Monday, April 6, 2009

A Sunny Monday

Unless otherwise noted, all materials on this blog are (c) 2009 by Madeleine Vedel




Back in Avignon, piles of laundry and dust greet me. The Plane trees, aka Sycamores, aka Platanes are dropping their fluff, which wafts on the breeze as it descends, coming into my bedroom and stimulating allergy attacks. Ahhh, spring. I adore the flowers, I adore the greenery -- though my yard is beginning to resemble a jungle. At this point I'll need to take a scythe to the grass before I dare attempt mowing it. Just days after weeding, the vegetable patch more closely resembles my yard than a garden. We had a couple of gorgeous days nearly a month ago already, when spending all afternoon outside in the sun in a t-shirt felt possible. It's cooler this week, and moister. I look hopefully at my mini-herb garden, wondering if there'll be some sprouts there at some point. Perhaps not till it gets warmer? The kitchen does stay rather cool, even though there's gorgeous morning light flowing in the window.



It is still cool enough in the morning that Jonas would like me to light a fire in the stove. But, from sheer laziness, or just being less sensitive to the cold, I've not lit one in quite a while. Last week, there were evenings that were happily warmed by a fire. But we're at that tipping point between the seasons. Do we put away all the winter clothes? Start taking out the linen pants and skirts? Stores are showing their wares: flouncy short summer dresses, sheer beige blouses. It's a time of almost... A time of transition. Beauty flowers all around us, and quick upon its heels comes the overwhelming greenery. White petals flutter to the ground. I pass by the orchard one day and it is bare, another and it is in full regalia, another, and it has already shifted to leaf.

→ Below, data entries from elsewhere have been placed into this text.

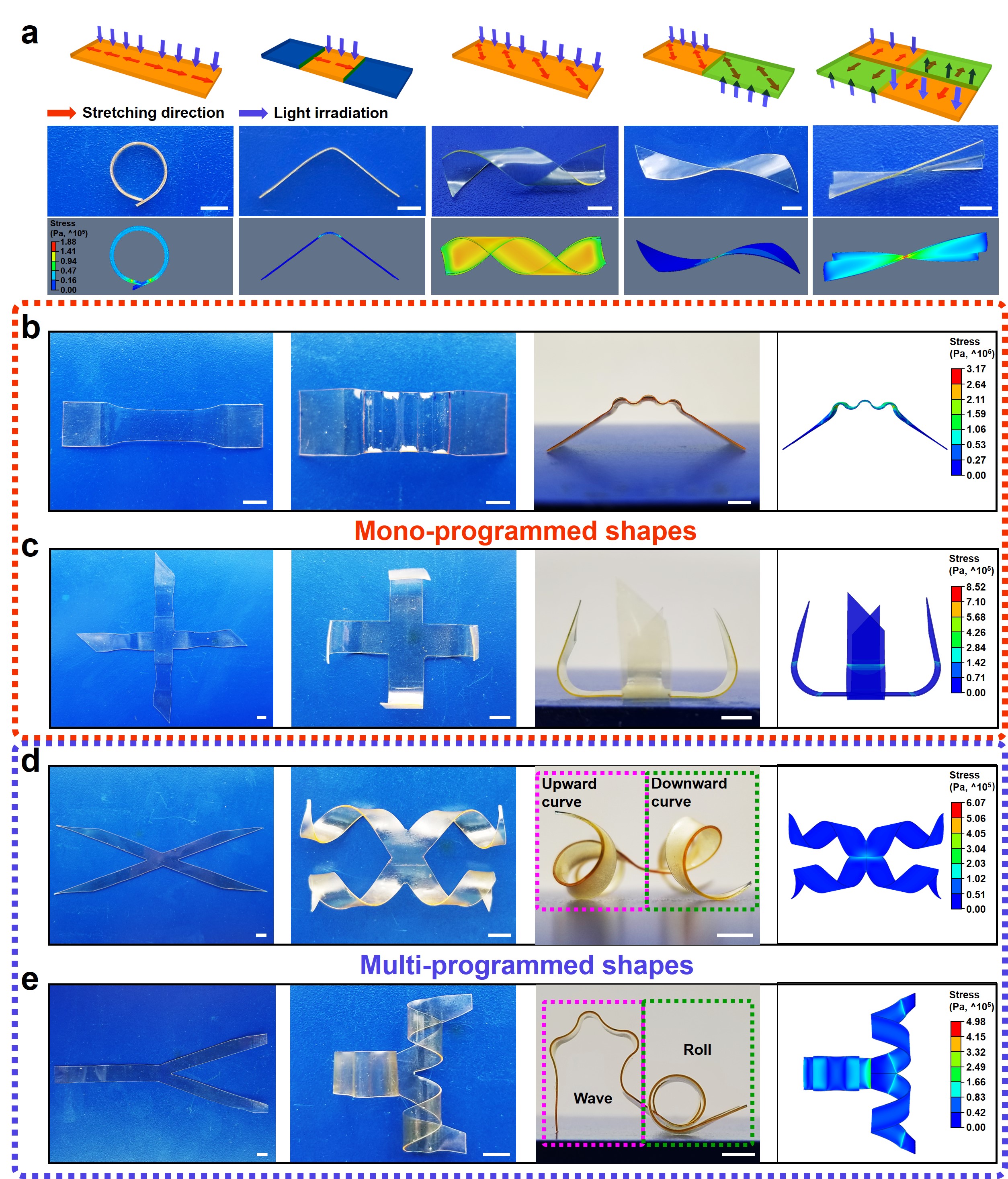 通过将不同的应力方向、辐照区域和辐照方向进行组合,可以实现材料的一系列基础变形,这其中包括弯曲、折叠、扭转、螺旋等多种不同的变形模式。通过控制双臂材料的辐照方向可以实现不同弯曲方向交替排列的波浪状结构。通过对四臂材料进行拉伸并辐照,可以实现具有相同弯曲方向的花型结构。除了重复的同种变形之外,利用该形状编程方法还可以将波浪状和螺旋状等不同的变形模式集成到同一块材料中以实现更为复杂的形变。此外,利用有限元分析对材料的应力梯度和变形过程进行仿真,可以对材料的变形模式进行模拟和预测。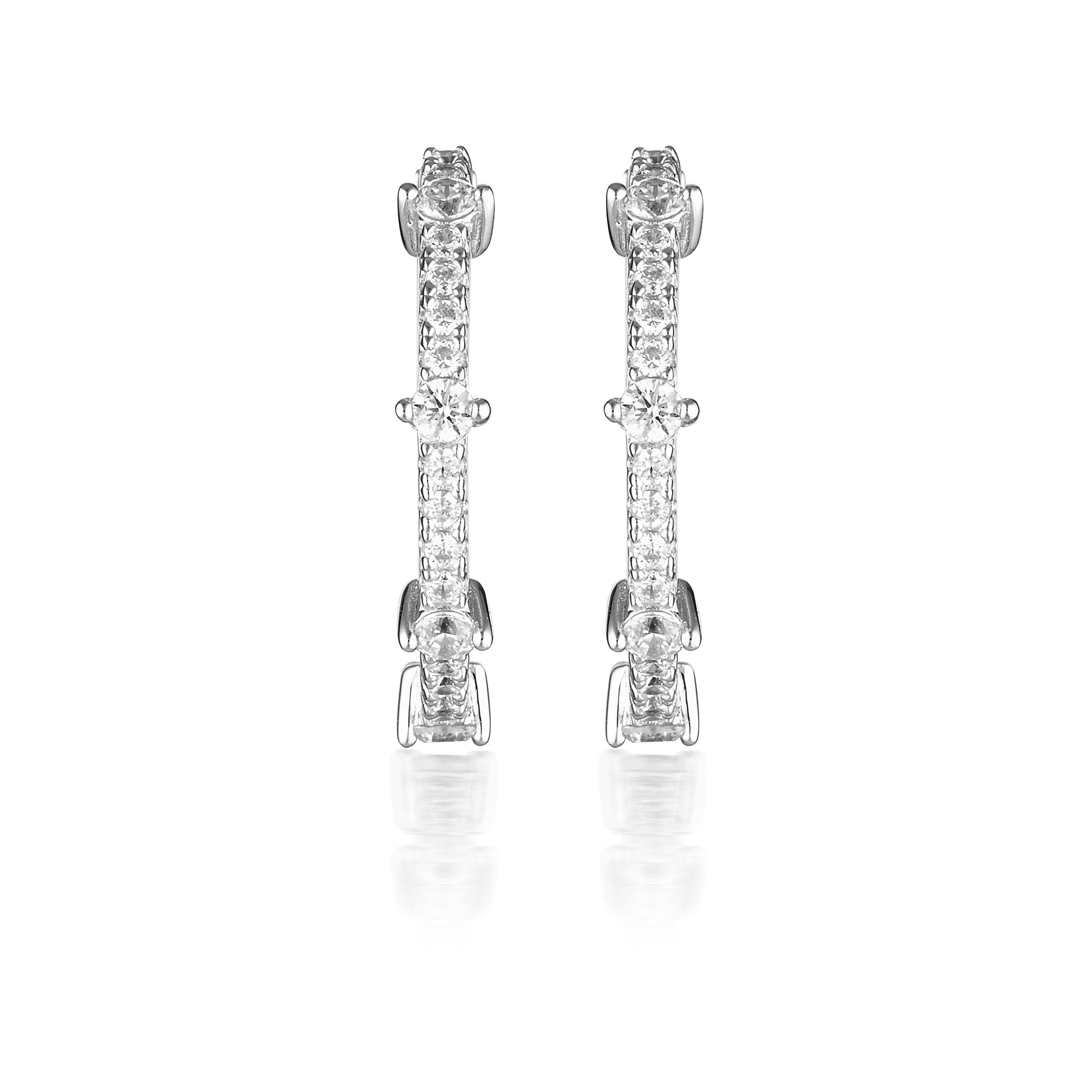 The Gala Earrings by Georgini are a sparkling mid-sized 20mm hoop featuring an array of brilliant Cubic Zirconia's. Perfect for any special occasion or as a desk to dinner option they match perfectly with the Gala Solitaire and Ring. They are crafted in luxurious Rhodium Plated 925 Sterling Silver. |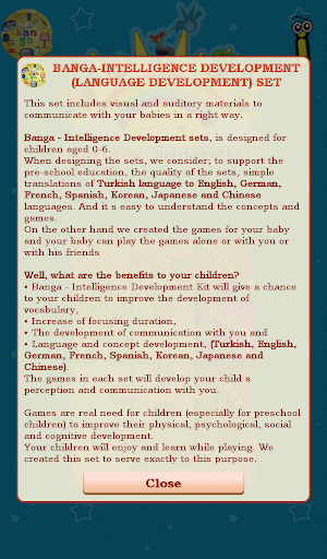 • Banga - Intelligence Development Kit will give a chance to your children to improve the development of vocabulary,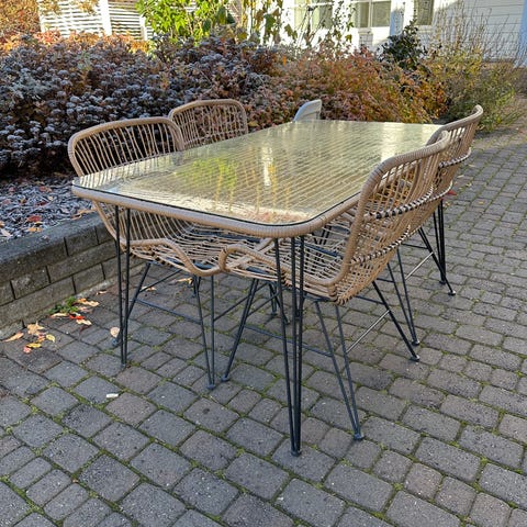 Pyöreä sohvapöytä ja kolme rahia. Materiaali jonkinlaista muovia. Pöydässä on lasikansi. Sekä pöytä että rahit ovat vaaleaa sävyä. Rahien päällä on irralliset, vaaleat istuintyynyt. Kuvissa hieman likaiset mutta pesemällä puhdistuu.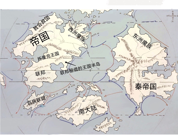 如图,东洲魔族与刚刚统一的秦帝国以最北的v形山脉相隔,战争不断。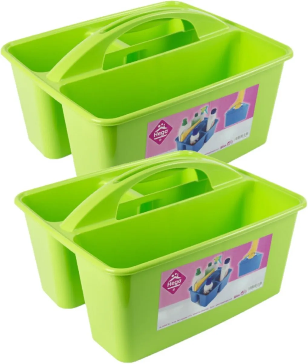 2x stuks groene opbergbox/opbergdoos mand met handvat 6 liter kunststof. Een multifunctionele opberger voor het opbergen van o.a. schoonmaakspullen en spul in de voorraadkast. De opberger is voorzien van een zeer stevig handvat.Afmeting: ca. 31 x 26,5 x 18 cm. Inhoud: ca. 6 liter. Materiaal: kunststof. Huishouding – Voorraad/opberg boxen/manden/bakken met handvat.
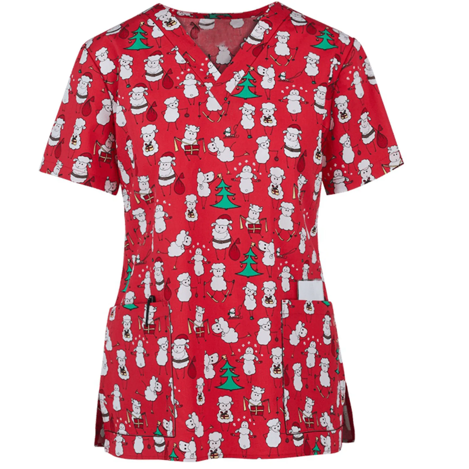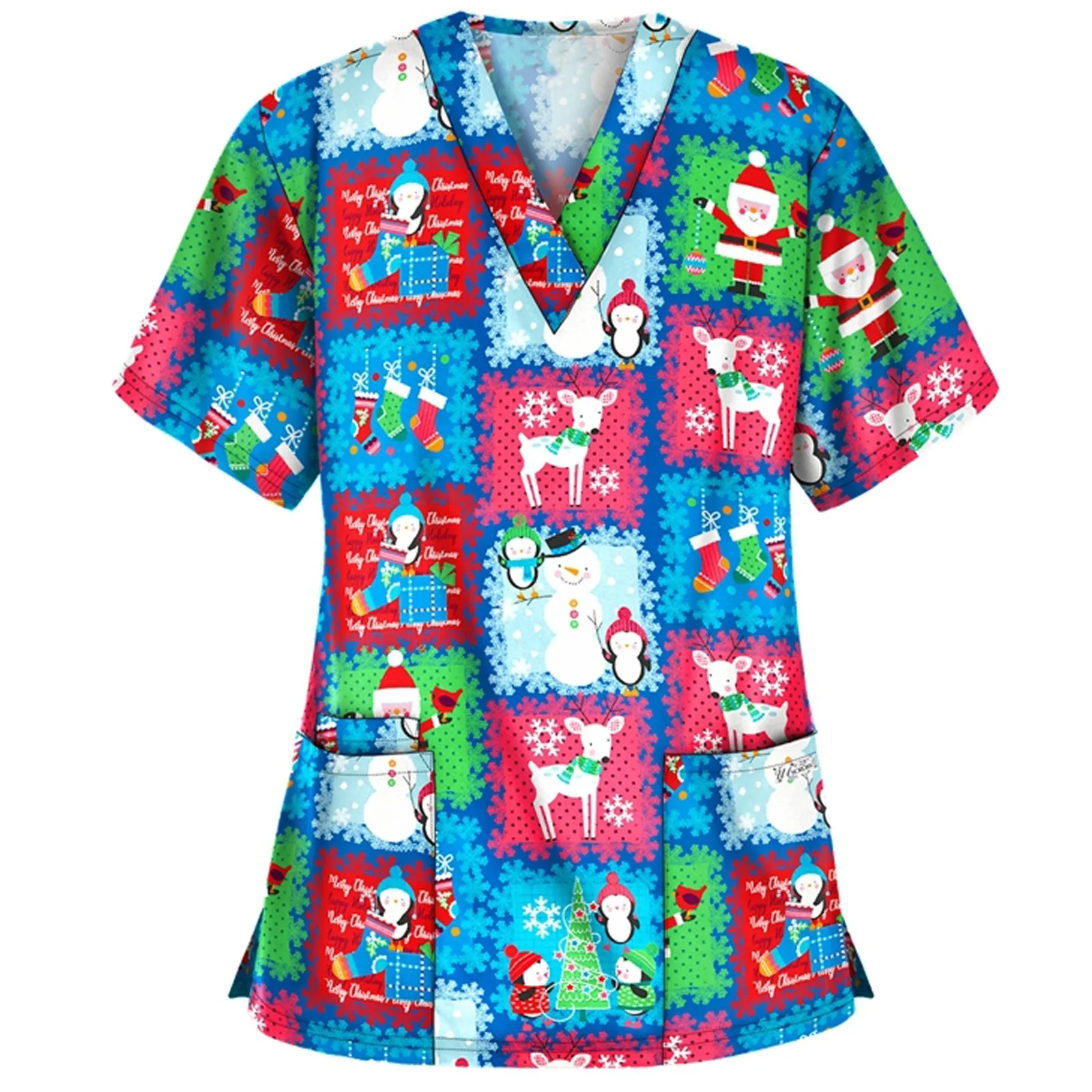 Женская медсестра, Женские топы с коротким рукавом и V-образным вырезом, Рождественская женская униформа, Ветеринария

The urge to slip on my roller blades and go for a spin with the boys is growing. Small problem though, Leo's feet are now my size and he feels no guilt in stealing away my pink skates. Fashion was never too much of an issue for him. Far more a "comfort" kind of guy. My actor neighbor has already borrowed my bike and taken out his girlfriend. We're all reeling from the flowing sap. Running into the wind and mild air of this spring.

Hanging out the laundry is a task I enjoy. (and a good thing this, with the household I have). Ever since my year in Japan, I've hung out laundry. There, even during the rainy season, the laundry was hung outside, under a roof, but still, hung to dry in the moist, mushi-atsui, air. Everywhere I go in France we hang our laundry to dry. It is simply standard. Be it from the living room window above the neighbors' courtyard in Arles, or in my backyard here in Avignon, or on the other side of the front lawn at the winery. We all hang our laundry out in the fresh air. On rainy days, or when it is simply too cold, I've a wrack in the bathroom. This year I succumbed to the 'need' or at least deep pleasure of owning a dishwasher. It always runs on the shortest, coolest cycles, with organic/non-phosphate detergent. But never again will I own a dryer. I just don't see why one should.



I've acquired laundry-hanging skills as the years have passed. In Arles, with the oodles of sheets from the b&b I used many doors in the house (which had beforehand been cleaned of their dust), folded the sheets carefully, and hung them over these useful surfaces. T-shirts, pants, wash clothes with fringe, all need serious shaking out before you hang them (otherwise, t-shirts can dry with crumpled sleeves, the fringe clumps). I am not much or an ironer -- which puts me in the serious minority in this country-- but such is life. To get away with this, I am careful to hang pillow cases very neatly, ditto my linen pants and cotton shirts. Anything to accomplish in one task what others might do in two if they are careless.

Then there is the issue of 'hanging one's laundry in public:' do I hang underwear, bras, etc., outside, in view of the neighbors? or inside on the bathroom wrack? It depends. But I've no qualms in delegating laundry folding and distribution amongst the kids as my parents did with myself and my siblings. My boys can fold up girls' undies just as easily as the girls can fold up theirs. It's all a part of growing up and adjusting to a varied world.

My au pairs either willingly learning the laundry tricks, i.e. went along with the program, or, they rebelled and never really adapted to the hanging laundry concept. For instance, no matter how impatient you are, you can't bring it in too soon. If you fold your laundry damp, woe on you the smelly mold that will appear, and that will be nearly impossible to wash out. I believe they felt I was trying to introduce them to the 19th Century. And I did often joke that I was aiming to enter the 20th Century, forget the 21st.

Such is still the case. It is almost painful for me to return to using my gas stove and electric oven after managing so much of the winter with my wood stove.

Ah well. Today, I'm lunching in town. So perhaps I'll leave the dust for tomorrow?